The thinking toggle. Enabling or disabling extended thinking (or changing the thinking budget) invalidates the system cache on Anthropic. If you toggle thinking per request, you're paying a cache write on every call.

The Go/Swift serialization trap. map[string]interface{} serialized to JSON has non-deterministic key ordering. Two identical tool definitions can produce different JSON bytes, different prefix hashes, and a cache miss. Sort your keys.

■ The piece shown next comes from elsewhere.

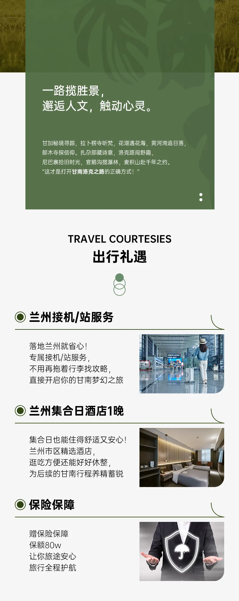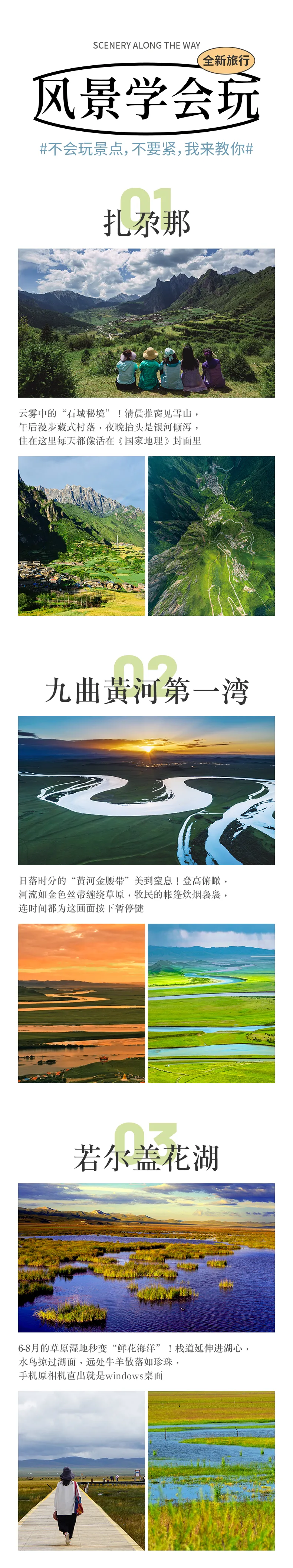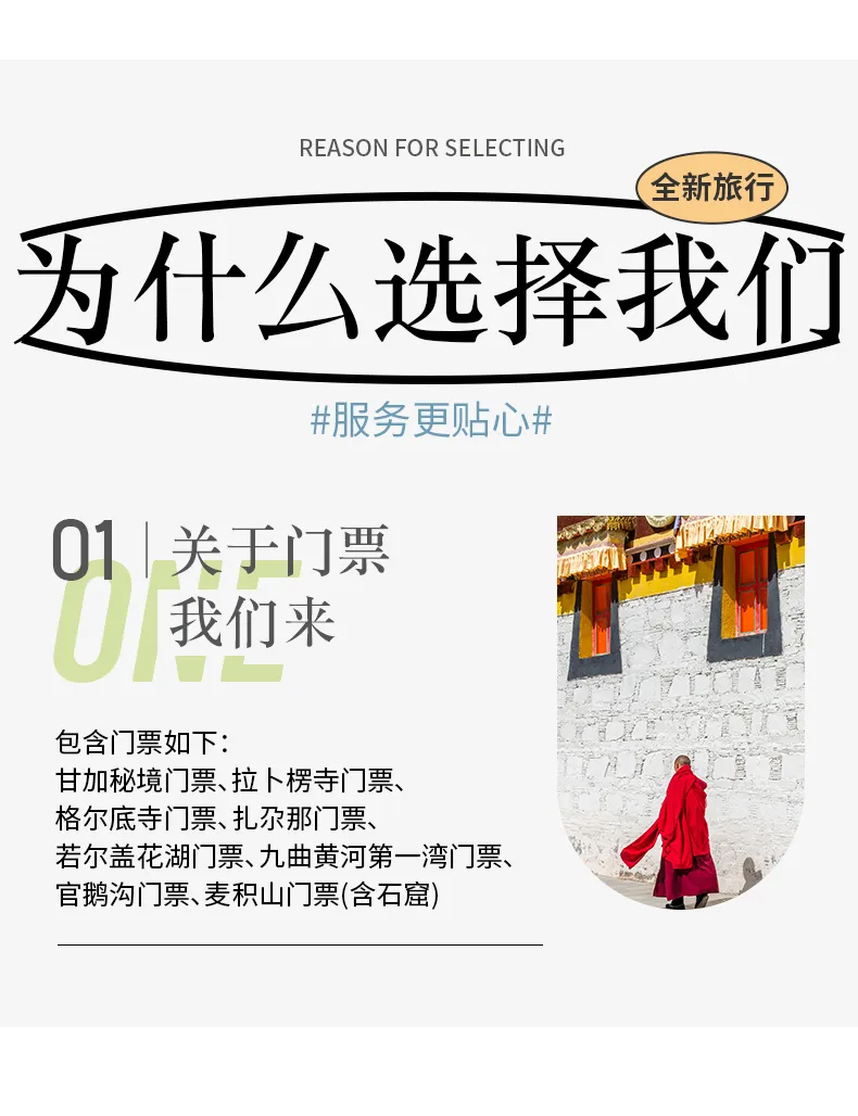 包含甘加秘境門票、拉卜楞寺門票、格爾底寺門票、扎尕那門票、若爾蓋花湖門票、九曲黃河第一灣門票、官鵝溝門票、麥積山門票(含石窟)

Building a Cache-Aware Prompt Harness

If you're building a framework that abstracts over multiple providers, the caching behavior can be unified. Here's a minimal example:

import hashlib, time
from dataclasses import dataclass, field
from typing import Any

@dataclass
class PromptTemplate:
    system: str
    tools: list[dict] = field(default_factory=list)
    examples: list[dict] = field(default_factory=list)

    def build_messages(self, user_input: str, context: str = "") -> list[dict]:
        # Static content first → cacheable prefix
        messages = [{"role": "system", "content": self.system}]

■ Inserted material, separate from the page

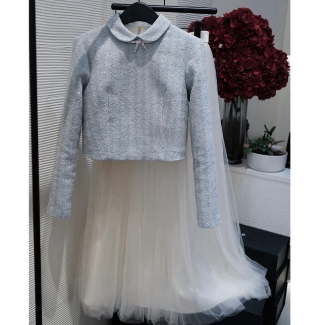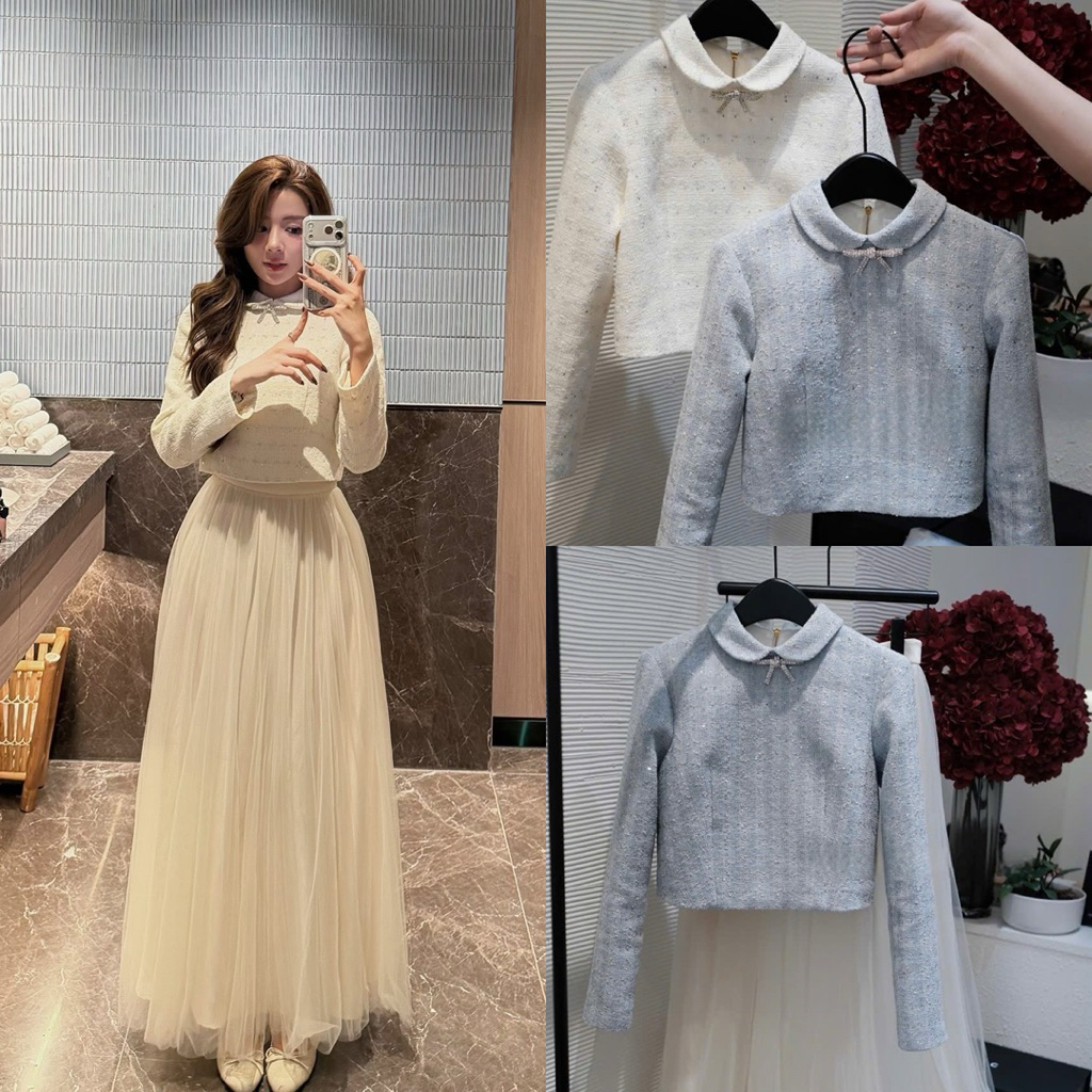 𝗝𝗘𝗡𝗡𝗬𝗖𝗟𝗢𝗦𝗘𝗧 ® Set 2món : Áo dạ tweed bling cổ sen đính nơ dáng crotop +Chân váy lưới dáng dài -2màu :kem,xanh
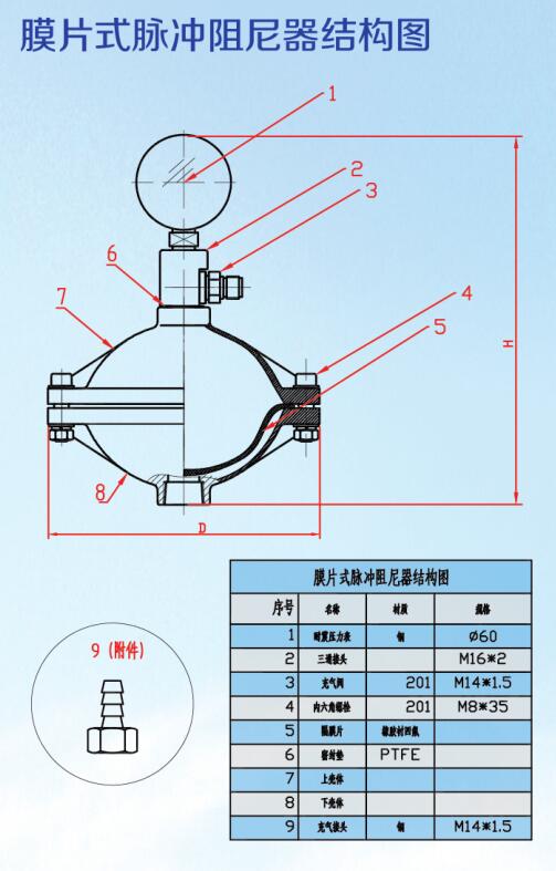膜片式脉冲阻尼器分为上下壳体,中间由聚四氟乙烯、橡胶复合膜片分隔,是常用的脉冲阻尼器。最大的优点就是隔膜将预充气体和管路中的液体分开,方便维护,在合适的选型、充压条件下,能够减少绝大多数的脉冲。膜片式结构,介质和压缩气体分离,保证长期稳定运行。接触介质部分只有下壳体和膜片,常规膜片采用橡胶衬四氟形式,四氟做过多向滚压处理,耐腐蚀性好,使用寿命高。

        for ex in self.examples:
            messages.append({"role": "user", "content": ex["input"]})
            messages.append({"role": "assistant", "content": ex["output"]})

        if context:
            messages.append({"role": "system", "content": context})

        # Dynamic content last → uncached suffix
        messages.append({"role": "user", "content": user_input})
        return messages

    def cache_key(self) -> str:
        # Deterministic hash of the cacheable prefix
        prefix = json.dumps({
            "system": self.system,
            "tools": self.tools,
            "examples": self.examples
        }, sort_keys=True)
        return hashlib.sha256(prefix.encode()).hexdigest()[:16]


class CacheTracker:
    def __init__(self):
        self.hits = 0
        self.misses = 0
        self.last_warm = 0

    def record(self, response_usage: dict[str, Any]) -> None:
        cached = response_usage.get("cache_read_input_tokens", 0) \
              or response_usage.get("prompt_tokens_details", {}).get("cached_tokens", 0)

        if cached > 0:
            self.hits += 1
        else:
            self.misses += 1

    @property
    def hit_rate(self) -> float:
        total = self.hits + self.misses
        return self.hits / total if total > 0 else 0

    def maybe_prewarm(self, template: PromptTemplate, client, ttl_seconds: int = 240) -> None:
        """Pre-warm if TTL has likely expired."""
        if time.time() - self.last_warm > ttl_seconds:
            # Provider-specific pre-warm call would go here
            self.last_warm = time.time()

The PromptTemplate class enforces static-first ordering — system, then examples, then context, then user input. The cache_key() method generates a deterministic hash of the cacheable prefix, usable as OpenAI's prompt_cache_key or for your own routing. CacheTracker wraps usage monitoring so you know if your strategy is working.

The Bottom Line

Prompt caching isn't a feature you build — it's a property of how you structure your prompts. Sort static content first, keep it identical across requests, group related traffic, and monitor hit rates. The provider handles the rest.

The 10x cost difference between cached and uncached reads means this pays for itself immediately on any workload above a few requests per minute. The only mistake is leaving money on the table by ignoring it.